Indonesia’s economic turbulence between January this year and the US Federal Reserve Bank’s recent decision to defer tapering its Quantitative Easing III policy (QE III) was a signal for Indonesia to take reforms more seriously.

Workers filtrate hot boiled soybean porridge using a soft cloth as part of the process of making tofu in a traditional tofu factory in Banda Aceh, Indonesia, (Photo: AAP)

While the continuation of QE III is giving Indonesia some space, with the Rupiah and Jakarta stock exchange soaring up upon the announcement, uncertainties remain. Indonesia must not stop pursuing the economic reforms that it vows to implement.

Indonesia has had it easy in recent years. US quantitative easing meant lots of easy money flowed into emerging markets, and high commodity prices combined with high demand for its palm oil and coal from China led to an export boom. Unfortunately, Indonesia used this period to impose protectionist and inward-looking trade measures — like defending self-sufficiency policies in key agricultural products and restricting port entry of horticultural imports — which threaten food supply and are driving up inflation. Now Indonesia finds itself in a dangerous position with a widening current account deficit owing to a structural deficit in the oil and gas trade and weakening non-oil and gas exports. Higher growth has also been associated with higher imports.

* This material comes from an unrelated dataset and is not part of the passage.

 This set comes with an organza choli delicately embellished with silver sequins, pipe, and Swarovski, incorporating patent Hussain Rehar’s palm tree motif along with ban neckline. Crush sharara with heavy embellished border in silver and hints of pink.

So far, Indonesia has neglected every possible structural reform to address its supply-side constraints, including infrastructure, human resources and product innovation. Action in these areas could have increased economic capacity. For a long time than needed, the country had also neglected much-needed fiscal reforms to phase out its burgeoning fuel subsidies.

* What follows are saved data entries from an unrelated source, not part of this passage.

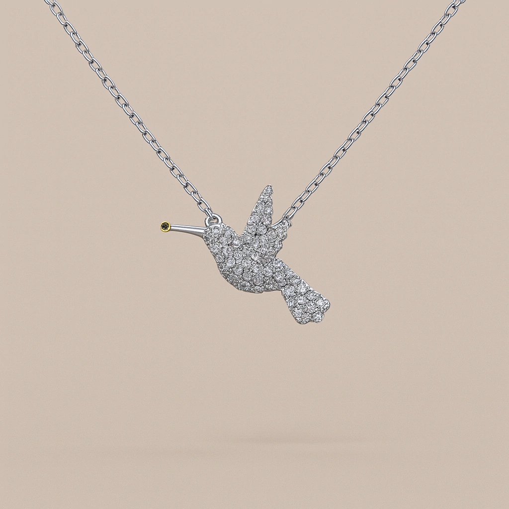Colar Beija-Flor Maffini em Prata 925 Encante-se com este colar delicado e sofisticado, todo cravejado com pedras brancas que brilham em cada detalhe. Na ponta, uma pedra amarela que traz um toque de luz.
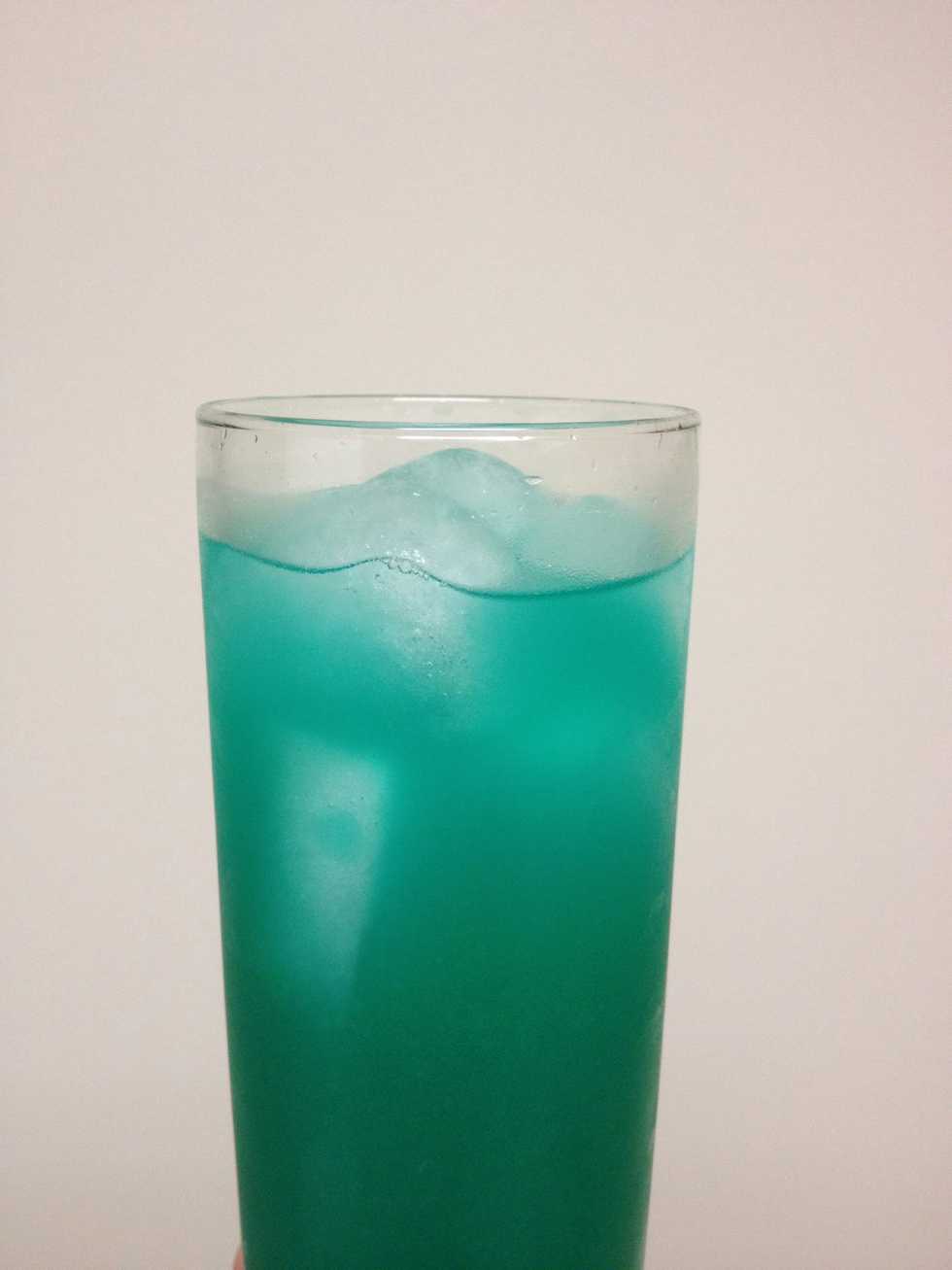 Then, add 1 1/2 ounces of Blue Curaçao into the glass.
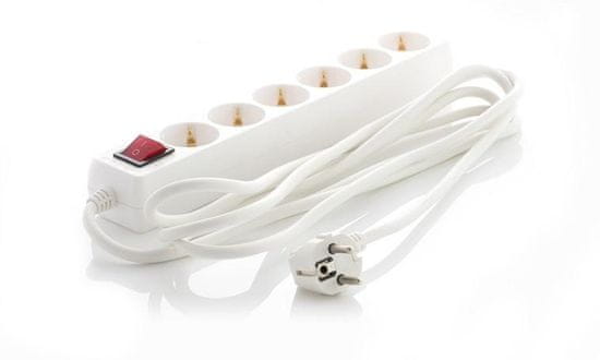 Podaljšek se ponaša z dolžino kabla 3 m, 6 navadnimi vtičnicami in z stikalom.
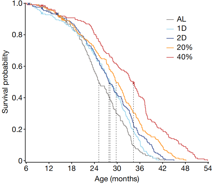 全部960只小鼠生命終結後,研究者們終於總結出了規律:程度越高的DR延壽效果越好!40%熱量限制>20%熱量限制>2日禁食>1日禁食>正常飲食,各組小鼠的中位生存時間分別約為34月、30月、28月、27月和25月,最長的足有最短的1.363倍。
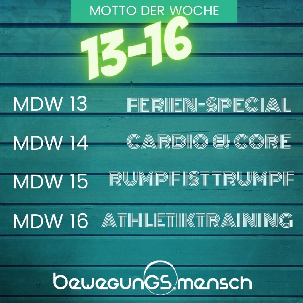 Hier werden die wöchentlichen Schwerpunkte präsentiert. Viel Spaß beim Trainieren!

Indonesia’s domestic neglect has been exacerbated by its vulnerability to other countries’ monetary policies. While the G20 may be able to build an economic structure to coordinate monetary policy in the future, it has yet to do so.

So what can Indonesia do to keep its economy healthy in the midst of ongoing uncertainties over the US economic recovery and global macroeconomic outlook?

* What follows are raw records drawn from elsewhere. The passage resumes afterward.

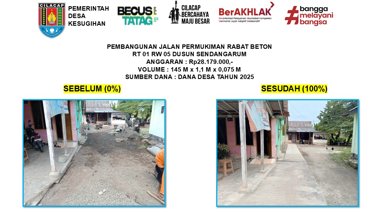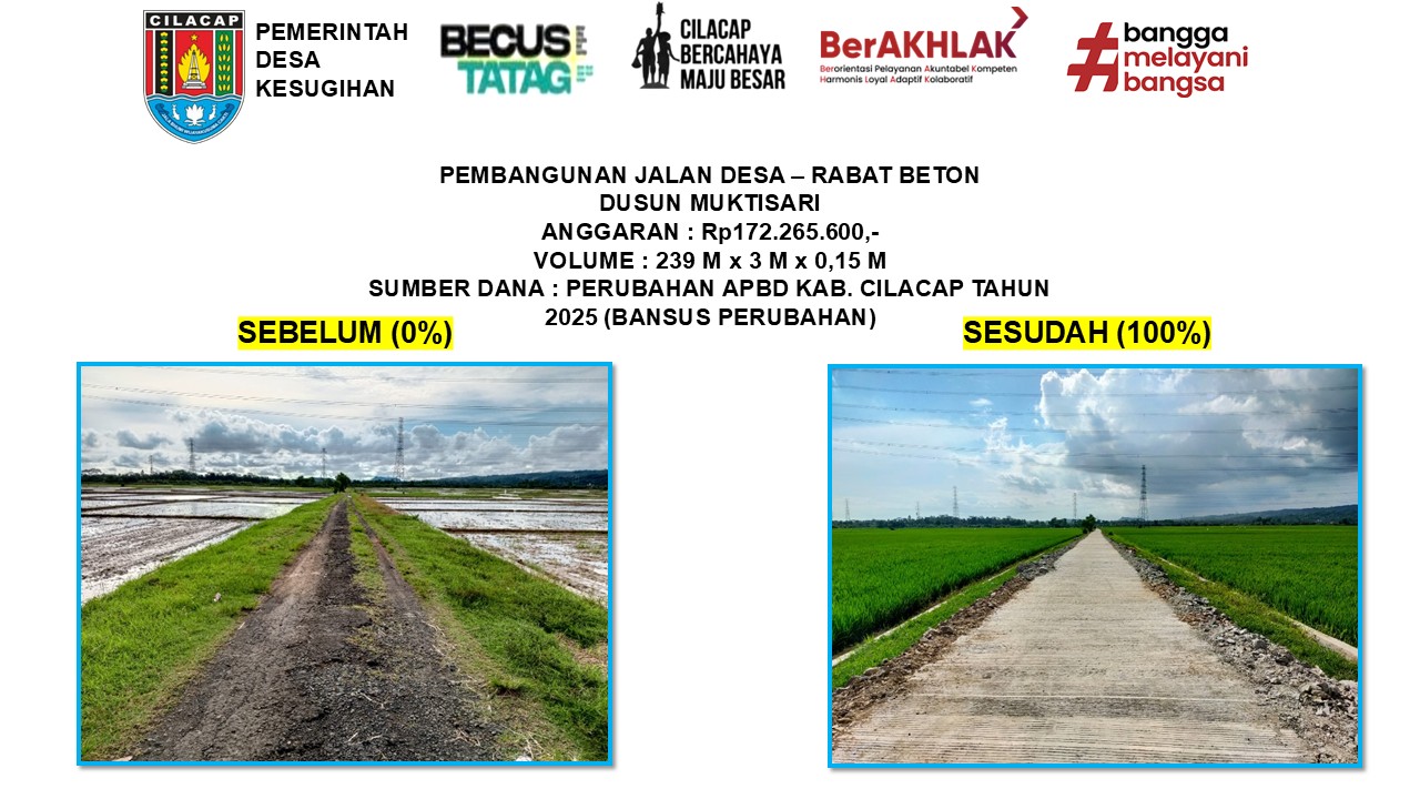 Melalui rekap ini, masyarakat dapat melihat secara terbuka progres, capaian, serta manfaat dari pembangunan yang telah direalisasikan demi mewujudkan Desa Kesugihan yang maju, mandiri, dan sejahtera. Berikut daftar Pembangunan yang dilaksanakan oleh Pemerintah Desa Kesugihan selama Tahun 2025 :
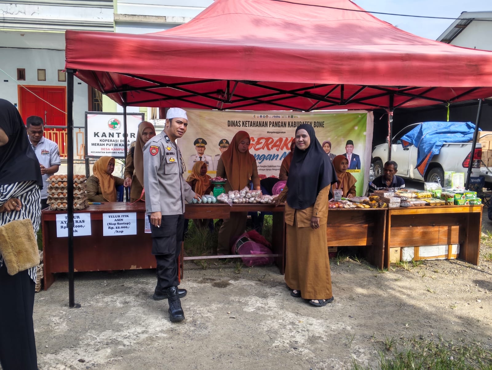 Bone – Apala Dalam rangka mendukung stabilisasi pasokan dan harga pangan di daerah, Bhabinkamtibmas Desa Kampuno, Kecamatan Barebbo, Aiptu Andi Faesal, A.SH., melaksanakan kegiatan pemantauan Gerakan Pangan Murah yang berlangsung di halaman Koperasi Merah Putih Desa Kampuno.
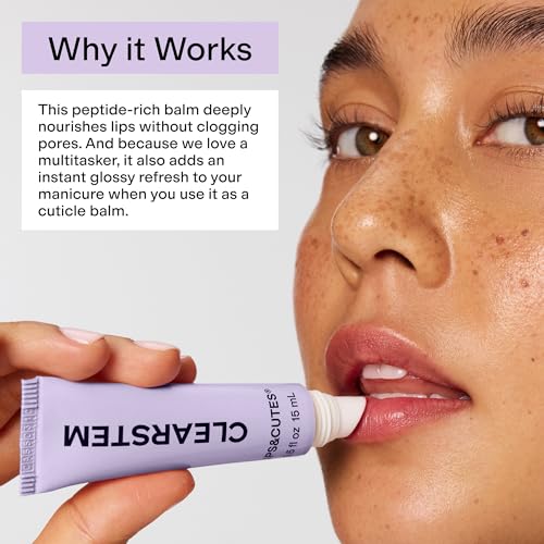 CLEARSTEM LIPS&CUTES Lip Balm & Cuticle Care – Multi-Tasking Hydrating Balm with Peptides, Vitamin E & Green Tea – Lip Care Products & Cuticle Balm Essentials for Daily Soothing & Nourishing Routine

First, it is true that the market will always be looking to invest in countries with higher real yields, so Indonesia should expect that when US quantitative easing is ‘tapered’ and US yields rise, US money will return home. At the moment, it is unclear when the Fed will taper QE III but it could be as soon as October this year, depending on US employment data and other economic indicators.

Even so, market sentiments — which can be wrong in many ways — are still based on the fundamentals of an economy. To maintain confidence, Indonesia must focus on fundamental economic reform by implementing necessary structural reforms and maintaining a prudential regulatory regime. Get these things right, and Indonesia will have more ‘wiggle room’ to implement counter-cyclical fiscal and monetary policies in the case of external volatility shocks.

Second, the central bank and related agencies may balance the risk of foreign holdings by maintaining a healthy ratio of short-term foreign debt plus imports to foreign exchange reserves. The central bank and the financial services authority may also consider monitoring carefully the number of external financing positions including foreign ownership of its bonds, which currently stands at around 30 per cent, and diversifying the investment base by encouraging institutions to invest. These changes may also necessitate hedging government exposure to oil imports and/or commodity exports.

Third, the strong links between fiscal, monetary and financial sustainability mean the bureaucrats in charge of these sectors — the Ministry of Finance, the central bank and the financial services authority — need to communicate more effectively among themselves.

Indonesia needs a government policy response that is credible and transparent. This is the only way to boost investor confidence and market sentiment amidst uncertainties.

Maria Monica Wihardja is a former lecturer at the Department of Economics, University of Indonesia, and a former researcher at the Centre for Strategic and International Studies, Jakarta. She is also Associate Editor at the East Asia Forum Indonesia desk.